Also, is it just me or is it that since BF3 got the server update for consoles, 90% of the matches are sooooo long? Most matches have 1500 tickets before the match ends. 1500! FYI - number of tickets = number of deaths allowed and it decreases slowly when opposing team has captured most objectives.


----------



## BORTZ (Apr 22, 2012)

Dude the server update sucks. i cant find matchs where the Admins dont get pissy about getting killed or anything. "youre pretty good, better kick you"


----------



## R2DJ (Apr 23, 2012)

BortzANATOR said:


> Dude the server update sucks. i cant find matchs where the Admins dont get pissy about getting killed or anything. "youre pretty good, better kick you"


Since the update came out, I'm pretty much exclusive to the Knife only/Knife+pistol only/No snipers lobbies. I've yet to try it wholly. 

But yeah IMO the update kinda brought the game down. Now the game's full of max ticket whores.


----------



## yuyuyup (Apr 23, 2012)

R2DJ said:


> Theraima said:
> 
> 
> > Good read huh? How about A Song of Ice and Fire? It's really good if you ask me...
> ...


You mean FRAG round, right


----------



## chyyran (Apr 23, 2012)

You seem to have a variant of "pirate's syndrome"

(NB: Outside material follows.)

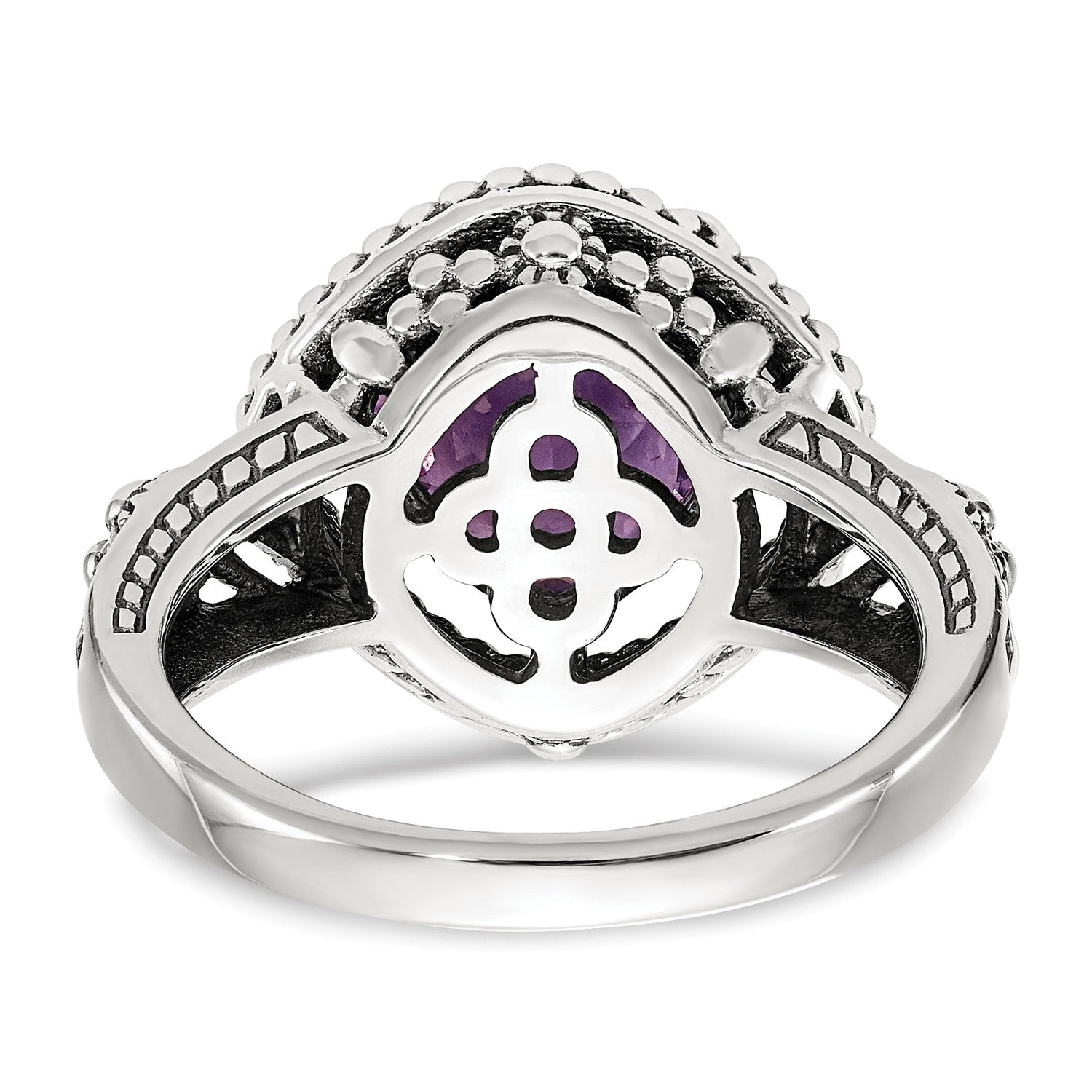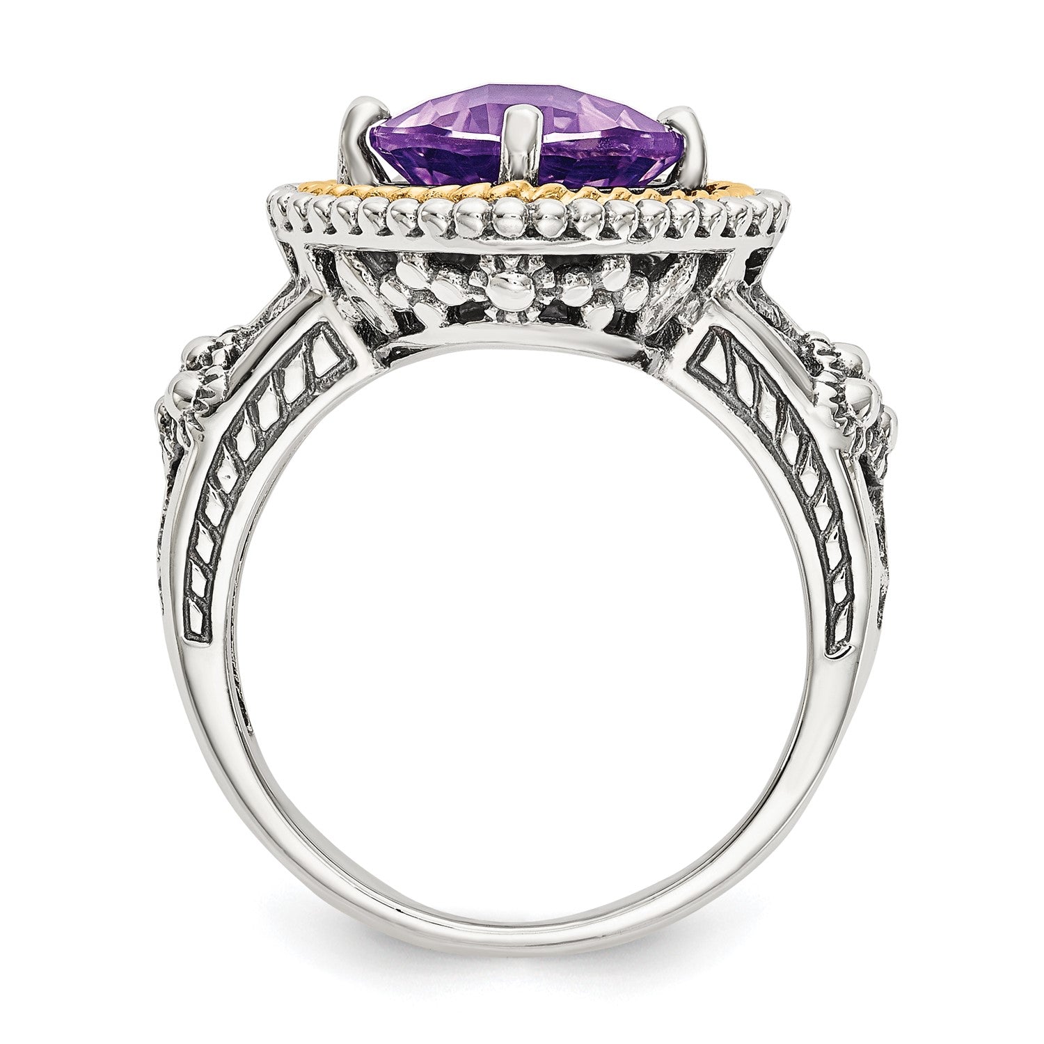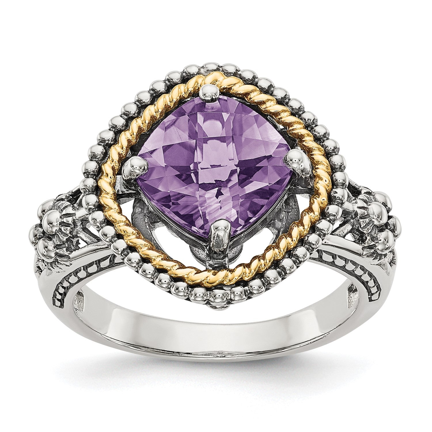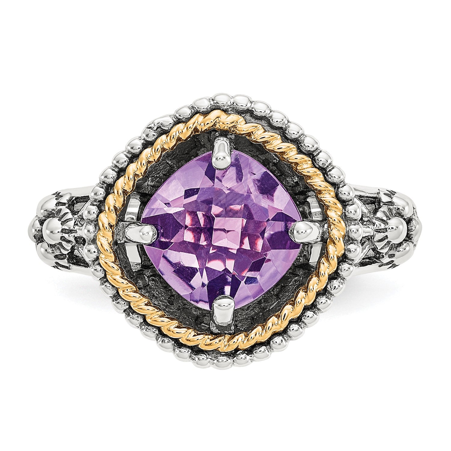 GSS Sterling Silver with 14K Accent Antiqued Checkerboard-cut Cushon Amethyst Ring

You didn't mention any piracy, but the principle is the same, you have easy access to games, and you've got lots, so you get bored quickly. Happens to many people.

I know how you feel, good luck man.


Oh, The Hunger Games trilogy is fricking awesome. I recommend you to read it. In fact, go out and buy them now!


----------



## BORTZ (Apr 23, 2012)

R2DJ said:


> BortzANATOR said:
> 
> 
> > Dude the server update sucks. i cant find matchs where the Admins dont get pissy about getting killed or anything. "youre pretty good, better kick you"
> ...


Hahaha i agree. 
Either way, i just run around USAS-ing the shit out of people with buckshot lol


----------



## R2DJ (Apr 23, 2012)

Punyman said:


> You seem to have a variant of "pirate's syndrome"
> 
> You didn't mention any piracy, but the principle is the same, you have easy access to games, and you've got lots, so you get bored quickly. Happens to many people.
> 
> ...


Thanks. Couldn't agree more. I've decided to cancel my Lovefilm account due to this, and I plan to resume it once I finish the games that I physically own. But with Skyrim being one of them, this will be a nearly impossible feat  Whilst I wait for it to be cancelled, I've made a list with 50 Blu Ray titles that I plan to watch.

I've got the books the day I made this thread lol. Haven't read a proper book for quite some time and it was nice to physically own one again.


BortzANATOR said:


> Hahaha i agree.
> Either way, i just run around USAS-ing the shit out of people with buckshot lol





yuyuyup said:


> You mean FRAG round, right


No typos. I've been hearing stuff saying it's been nerfed but I haven't really kept up with it. I try to avoid it and avoid people using it, though it's good fun after a serious sesh. 

Funny that when I got banned on that knife only lobby, everyone was actually using guns and I barely see anyone getting kicked (I had a nemesis on me with 7 kills and he has killed me 5 times with a FAMAS). I was doing knife kills then then I instantly got kicked the first time I killed someone with a shotty. Blasphemy!


----------